Landlord tax changes spark remortgage surge
Changes to the way landlords report tax, including new levies and reduced tax relief, are already hitting home. New survey data has revealed how they have deterred many would-be landlords from entering the market, but also how existing landlords are remortgaging their properties – a move that could mean more risk in the long-term.
Lower activity
Data from Connells estate agents reveals that buy-to-let properties accounted for just 7% of valuations in April, down from the five-year average of 13%. Separately, data from the Council of Mortgage Lenders (CML) showed that the value of buy-to-let mortgages fell by 79.5% between March 2016 and March 2017.
The rush to buy ahead of the introduction of a 3% Stamp Duty surcharge last year has skewed the data somewhat. However, experts from Connells say that government measures, designed to reduce buy-to-let growth, are already putting off private landlords.

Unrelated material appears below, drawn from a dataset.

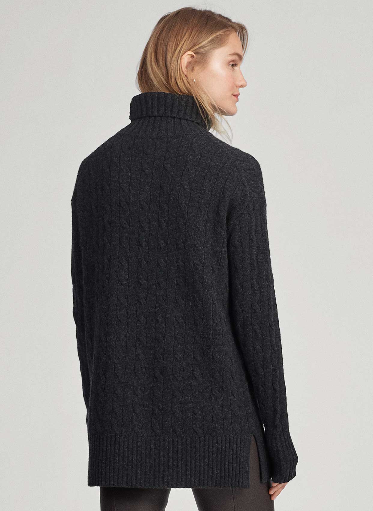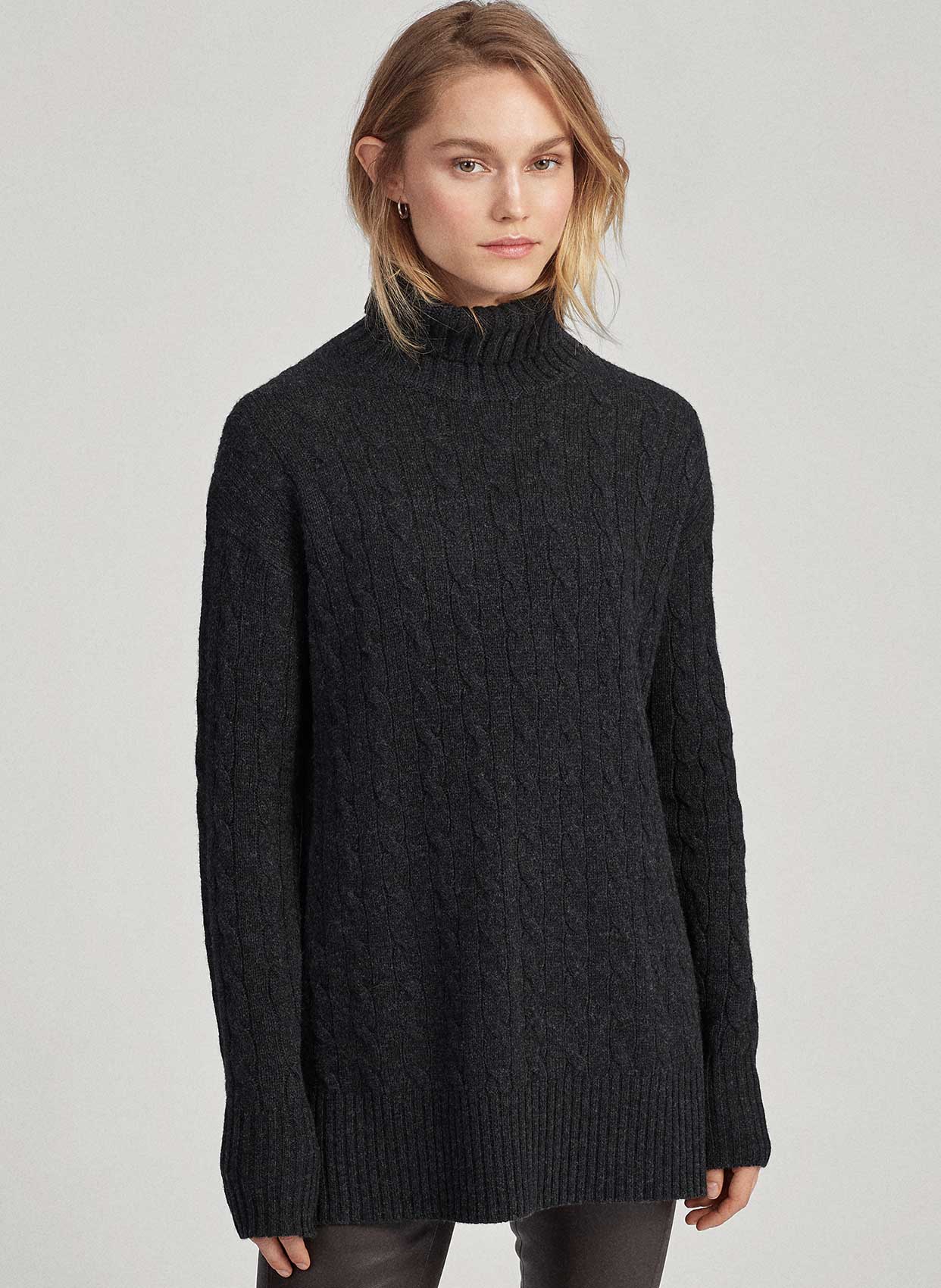 - Boğazlı uzun kollu kaşmir karışımlı yün triko.

Smaller margins, higher tax bracket
Although government calculations estimate that 82% of landlords are not paying more under the new rules, many private landlords have found themselves bumped into a higher tax bracket. To continue to make a steady yield from their property, the National Landlords Association (NLA) says their rents will have to increase by 11%.
As an alternative to rent hikes, some landlords have opted to remortgage in a bid to reduce their monthly repayments and get better rates. The scale of this trend is shown in the proportion of valuations conducted for remortgage applications, which has jumped from just 6% of valuations in 2012 to 11% in 2016-17.
Long-term impacts
Private landlords must be alert to the potential fallout from these new trends. As fewer landlords enter the market, rents may rise again. While this is good news for the 21% of landlords the NLA says make no profit, too much pressure on tenants could result in missed payments or defaults. Managing the situation will be key to ensuring a steady cash flow while the market settles.
Similarly, reducing monthly mortgage repayments and seeking a new deal may ease short-term pressure. But if interest rates rise from their current low point, so will those bills – something that must be factored into long-term forecasts.